Mike Curtis: And I think just following on from those comments, it turns out that this, the bear market in cannabis that started in the summer of last year, really allowed the companies that were going to survive and thrive to get their cost structures in place, where you're seeing many other companies in many other sectors out there having exceptional difficulties. The cannabis sector, they've pulled down all the high costs and adjusted for profitability. And with the strong demand that's coming, we feel exceptionally bullish as we head into the end of 2020, and we think 2020 is just going to be a gangbuster year for the sector.
Jim Hallam: My name's Jim Hallam. I’m the Chief Financial Officer of MMJ. I've been with the company a couple of years, and I'm based in Sydney. In February, all the shareholders were provided the opportunity to buy MMJ shares at eight cents. The SPP raised approximately $390,000. Those shareholders who've participated have been rewarded for supporting the company through a share price rise from eight cents to… It’s currently, as of yesterday, at 14 cents. Funds were used to fund the Sequoia investment, which Mohan went through just before.
In terms of MMJ funding, MMJ's well funded. We've got $10 million worth of cash in listed securities, and the majority of MMJ's operating expenses are funded by interest income on loan investments that have been put in place during the last 10 months.
I'll move on to the next slide, which is on the NTA at 31 March. This information is drawn from our monthly announcement, which is available on our website and, as I said, is produced each month. The NTA is approximately 20 cents a share. The discount of the share price to the NTA's been halved over the last two weeks. It now remains at an attractive 30% discount to the NAV. Our net asset returns continue to be above our benchmark. Our benchmark is based on a group of North American companies, an ETF that we track our performance against. The monthly NTA reflects our valuation policy, which is detailed in our annual report.
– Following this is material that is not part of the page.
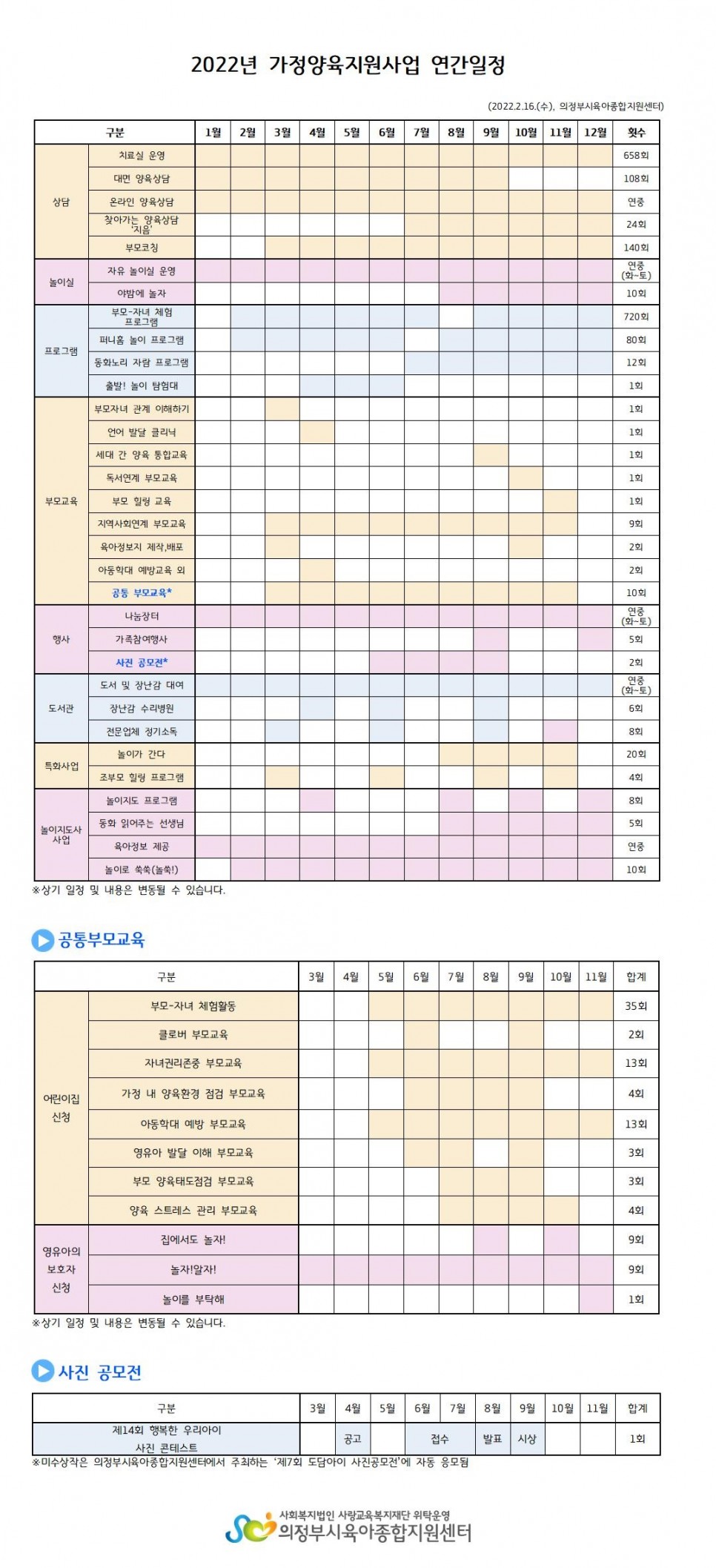 2022년 가정양육지원사업 연간일정 > 공지사항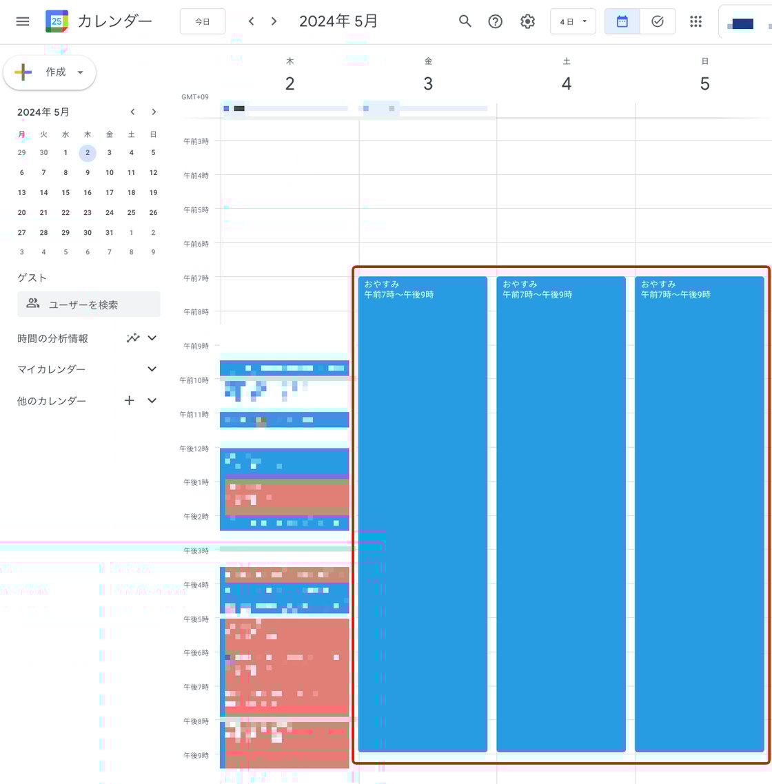 bookrunの仕様上、カレンダーへ「終日予定」として設定をしても、ブックボード(日程調整用カレンダー)には空き時間(◎)として表示されてしまいます。

Unlisted investments valuations are recommended by Embark Ventures and approved by the MMJ board. That process was completed as at 31 March. Our listed investments reflect market prices, and our asset valuations are reviewed each six months by our independent auditors, BDO.
Just moving on to the next slide, which is in relation to our investor updates. As was mentioned at the start, this is our first webinar. We're going to conduct another webinar in July after completion of the 30 June unaudited NTA. Any investors should sign up to our weekly emails. If they go to our website, they'll receive weekly emails that contain all of the releases that we've made during the week.
We also, as mentioned before, provide a monthly update on our NTA and our portfolio, which includes a contribution from Embark Ventures and their view on the cannabis investment markets. Any questions that we received in this webinar, we're going to answer through our next monthly NTA release.
So, I very much appreciate your participation, and I trust that you got a lot out of it.